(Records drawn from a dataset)

----------

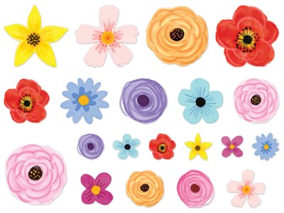 This stunning assortment of flowers in a hand-painted motif is perfect for dressing up classroom walls and doors, labeling bins and desks, or decorating bulletin boards—all while highlighting the beauty of nature! Pack includes 60 accents in 14 colors and 4 sizes; largest accents measure 6 1/4".
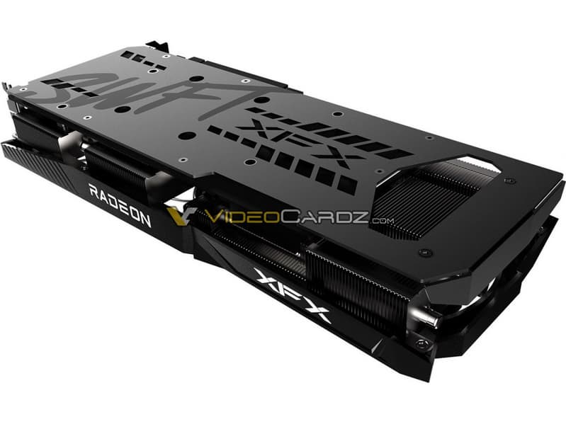 От QICK319 и MERC319 третья модель отличается довольно сильно, во всяком случае, внешне. Хотя конструкция её системы охлаждения тоже включает три вентилятора, кожух делает её больше похожей на кожух системы охлаждения видеокарты Zotac GeForce RTX 3080 AMP Edition. Карта окрашена в чёрный цвет, на котором контрастно выделены белым логотипы XFX и Radeon. На задней панели, полностью закрывающей печатную плату, также есть большой логотип SWFT.
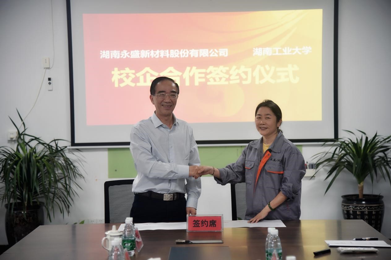 会后,蒋建初与湖南永盛新材料股份有限公司相关负责人签订了校企合作协议。
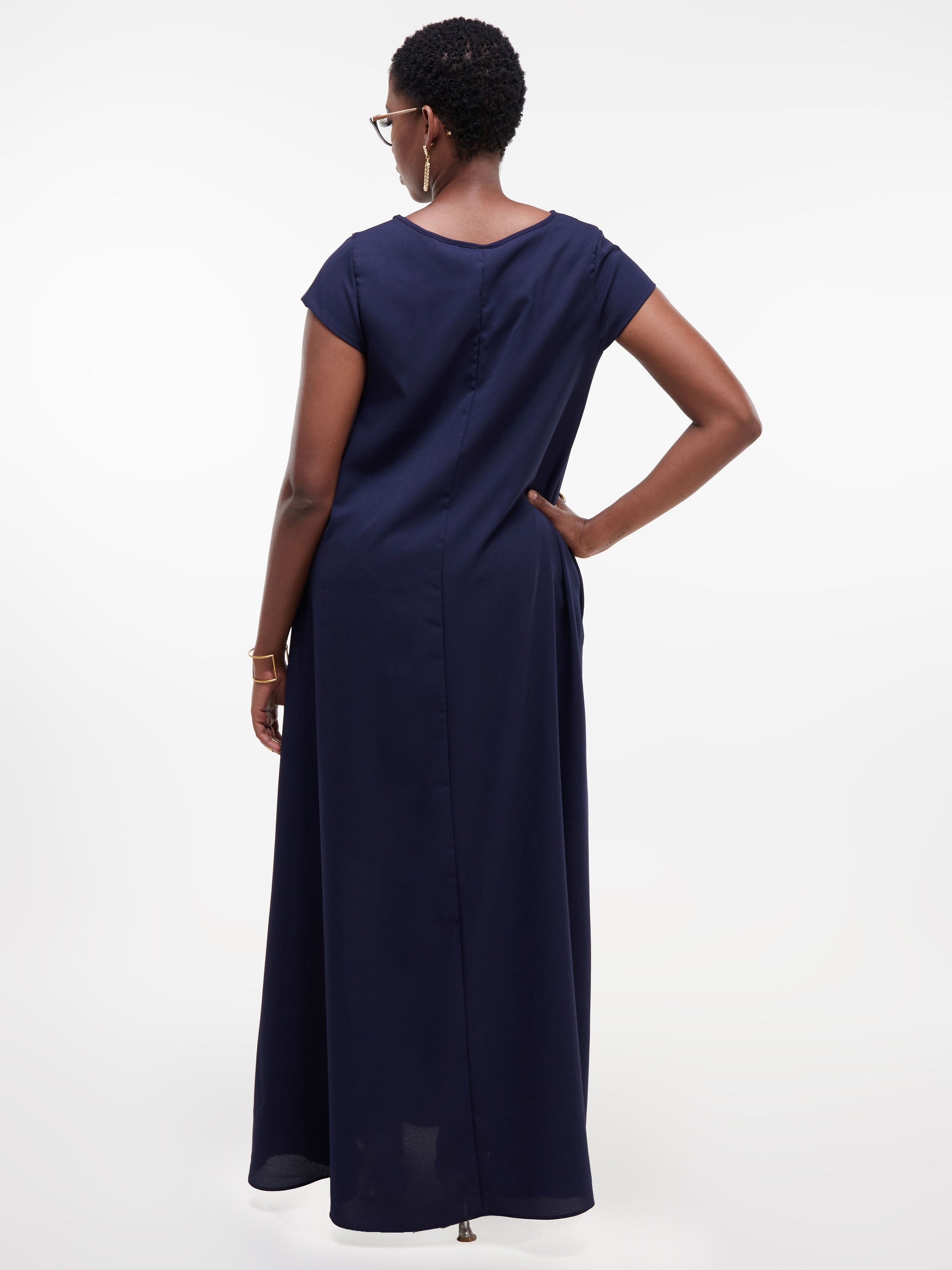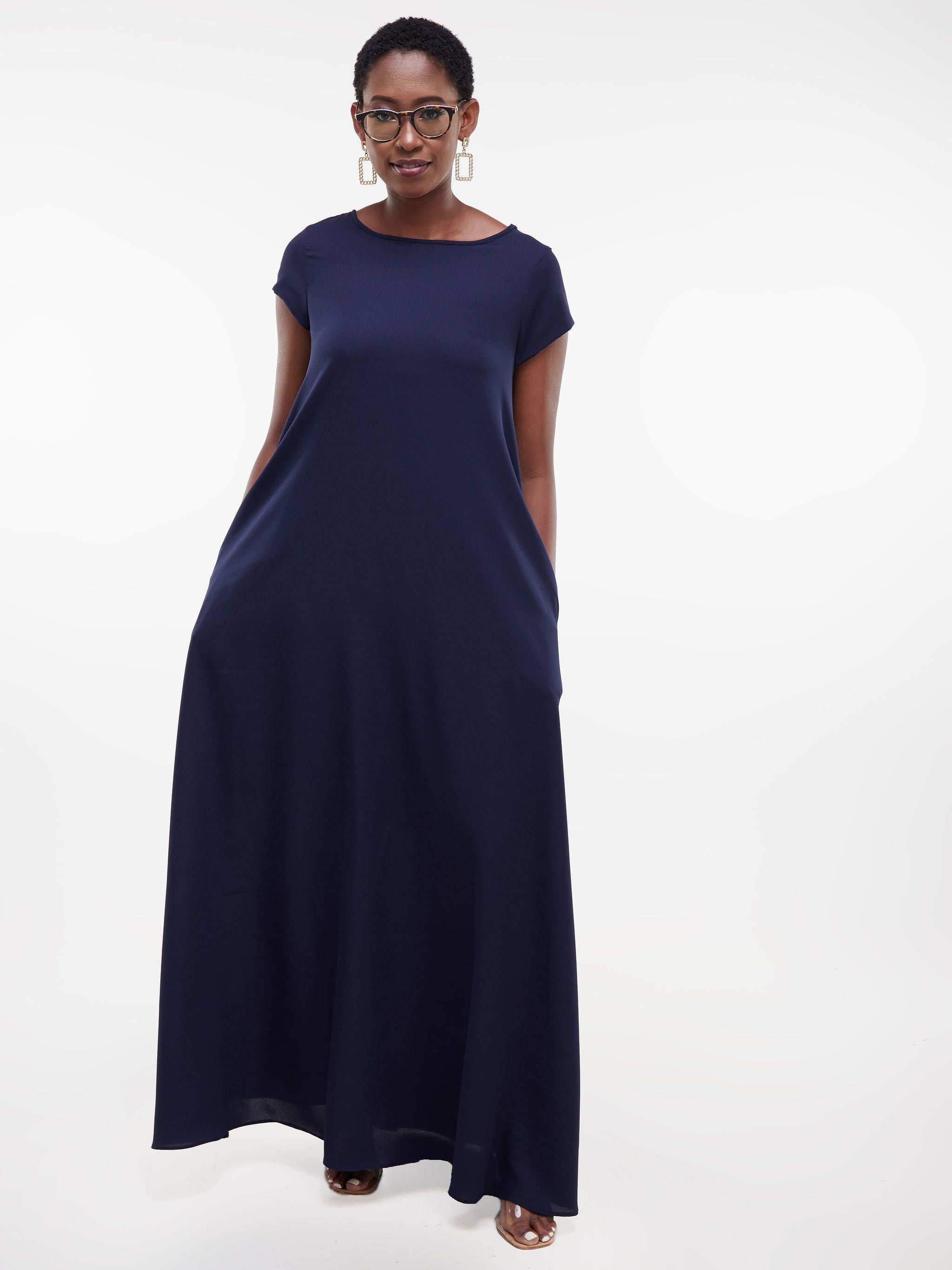 Vivo Basic Cap Sleeved Tent Maxi Dress - Navy Blue
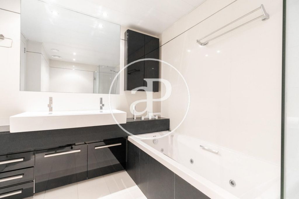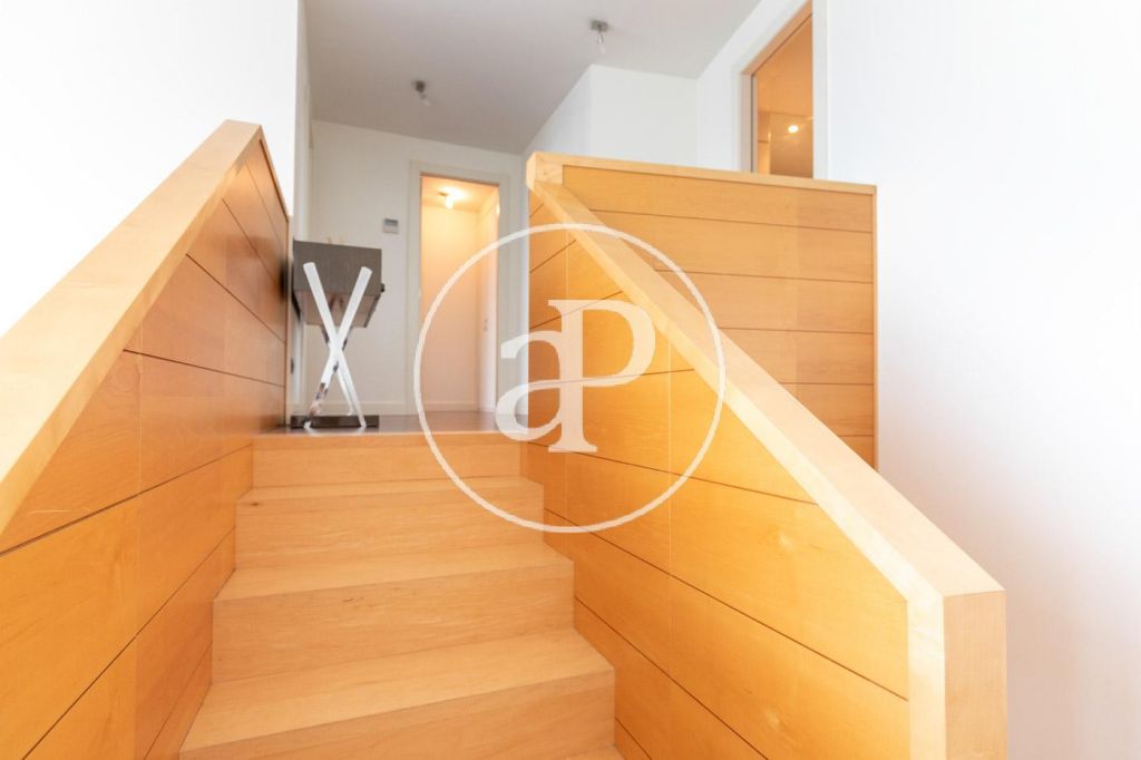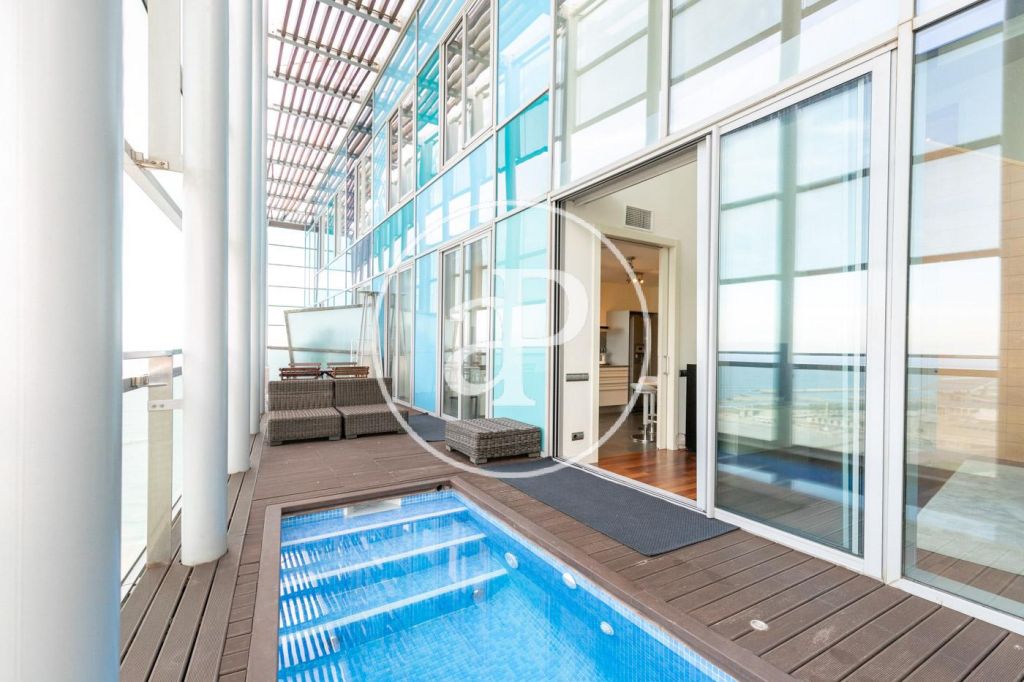 Espectacular àtic dúplex de luxe a Diagonal Mar. L’habitatge disposa d’una superfície de 160 m² distribuïts en tres habitacions, totes amb armaris encastats, una d’elles en suite. També compta amb una zona d’estudi des d’on es poden gaudir unes vistes impressionants de tota la ciutat de Barcelona. Aquest àtic és un dels més espectaculars que es poden trobar a Diagonal Mar.

----------

- _TO DO_:
Pictures aren't part of the copy; return each record above exactly.

- _OUTPUT_:
 This stunning assortment of flowers in a hand-painted motif is perfect for dressing up classroom walls and doors, labeling bins and desks, or decorating bulletin boards—all while highlighting the beauty of nature! Pack includes 60 accents in 14 colors and 4 sizes; largest accents measure 6 1/4".
 От QICK319 и MERC319 третья модель отличается довольно сильно, во всяком случае, внешне. Хотя конструкция её системы охлаждения тоже включает три вентилятора, кожух делает её больше похожей на кожух системы охлаждения видеокарты Zotac GeForce RTX 3080 AMP Edition. Карта окрашена в чёрный цвет, на котором контрастно выделены белым логотипы XFX и Radeon. На задней панели, полностью закрывающей печатную плату, также есть большой логотип SWFT.
 会后,蒋建初与湖南永盛新材料股份有限公司相关负责人签订了校企合作协议。
 Vivo Basic Cap Sleeved Tent Maxi Dress - Navy Blue
 Espectacular àtic dúplex de luxe a Diagonal Mar. L’habitatge disposa d’una superfície de 160 m² distribuïts en tres habitacions, totes amb armaris encastats, una d’elles en suite. També compta amb una zona d’estudi des d’on es poden gaudir unes vistes impressionants de tota la ciutat de Barcelona. Aquest àtic és un dels més espectaculars que es poden trobar a Diagonal Mar.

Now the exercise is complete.